There isn't any institution that has done more to further wealth inequality in AmeriKa than the Federal Reserve.
Yup, the people that have set up the $y$tem to enrich themselves and rob you blind is going to take care of you now.
Intergenerational poverty is particularly pronounced in communities of color.
There they go again.
Black households in the Boston area have median net assets of only $700, including retirement savings and checking accounts, compared to nearly $257,000 for white families, according to a 2015 report by the Boston Fed.
Yes, black people are treated horribly in Bo$ton.
EMPath was formed by the merger of two 19th-century Boston institutions — the Women’s Union and Crittenton — that provided resources for single mothers and immigrants, but for the past decade it has focused on being a “teaching hospital of economic mobility:” gathering research, coaching low-income families, working to shape public policy, and developing tools to combat poverty.
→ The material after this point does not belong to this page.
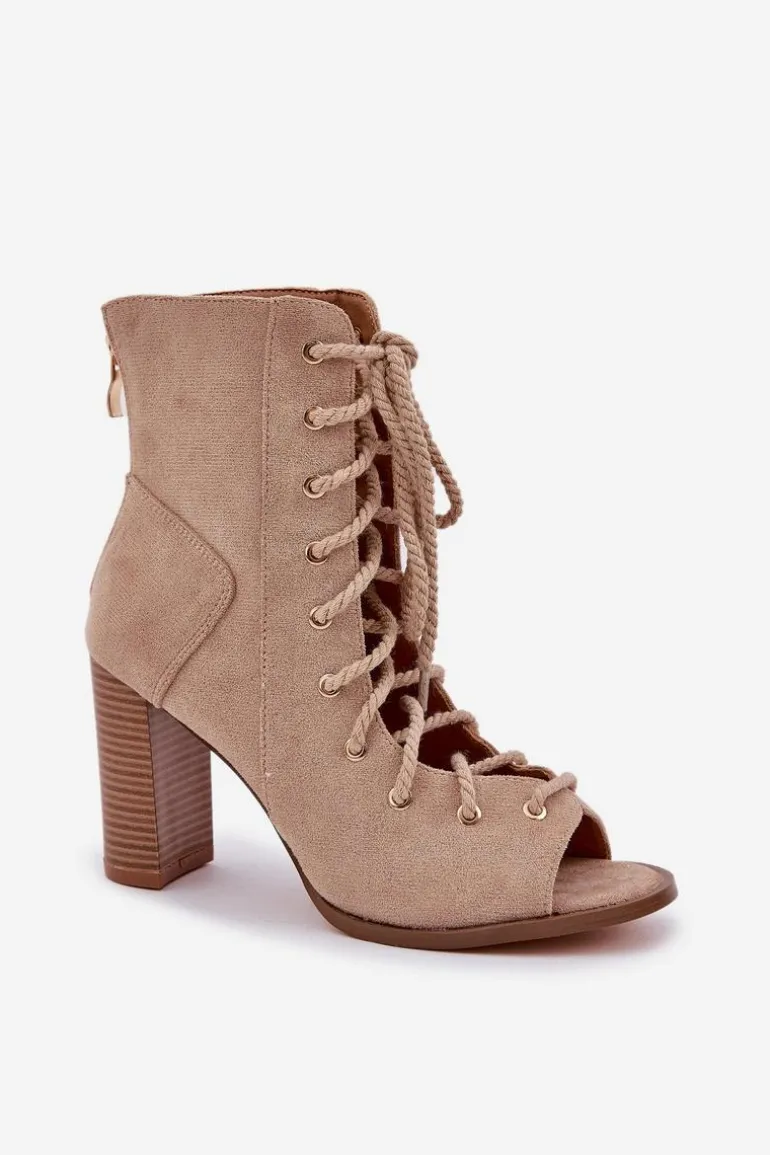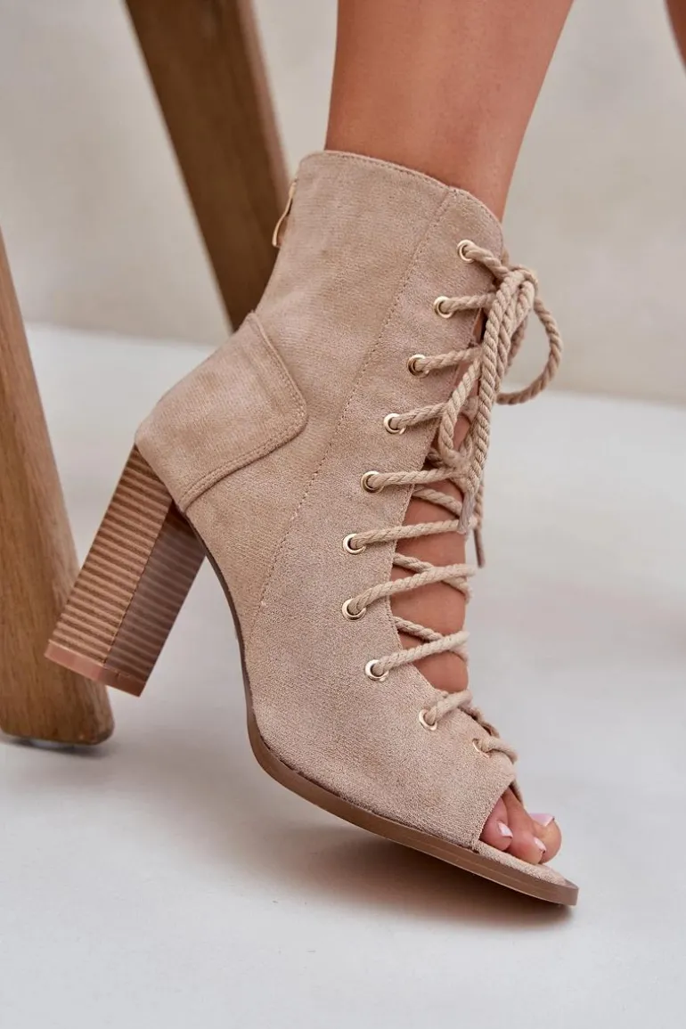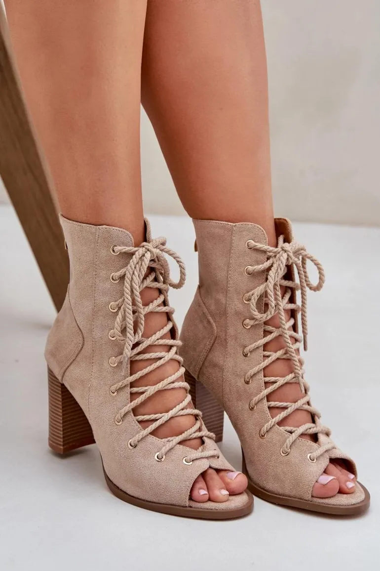Sandały damskie z eko zamszu to elegancka propozycja na ciepłe dni. Osadzone na obcasie słupku, który zapewnia stabilność i wygodę. Sznurowana cholewka dodaje im nowoczesnego, a zarazem kobiecego charakteru, natomiast z tyłu znajdujące się zapięcie na zamek ułatwia ich zakładanie i zdejmowanie. Te sandały świetnie komponują się w letnich stylizacjach, łącząc styl, komfort i funkcjonalność. Przy wyborze rozmiaru prosimy sugerować się tabelą rozmiarów.

More than 50 organizations and agencies, from Goodwill Industries of Northern New England to the World Bank, use EMPath’s models, then share their results, creating a kind of open-sourced antipoverty operating system.
If so they have failed miserably; poverty is worse now than it was in 1964 when Johnson declared war on it.
Yeah, the World Bank, with all its debt slavery and calls for austerity, is out there fighting poverty!
“We can be coaches to parents and children, and children and parents can be coaches for each other,” said executive director Elisabeth Babcock, “and in doing so, maybe shove a wedge in the intergenerational cycle of poverty.”
The cost of the EMPath pilot project, $10,000 per family per year on average, is significant, and some question if that money would be better used for early education or other antipoverty programs. Isabel Sawhill, a senior fellow in economic studies at the Brookings Institution in Washington, D.C., cautioned that many initially promising antipoverty programs have not had a lasting impact. Still, she said, the skills EMPath is seeking to instill are important to disrupting poverty.
“It’s a vicious circle,” she said. “If you don’t have those skills, you’re much more likely to be poor. And if you’re poor, you’re much more likely to not acquire those skills.”
And who benefits as long as you are stuck in it?
Related: Lower-income Bostonians spend twice as much income on mortgage payments
Fortunately, rents are coming down.
UPDATE: "When it comes to economic issues, the racial divide is especially wide, bigger in Massachusetts than almost anywhere else in the entire country...."
It's the $ame for women, and it's enough to make you cry if you could.
Maybe this will make you women happy.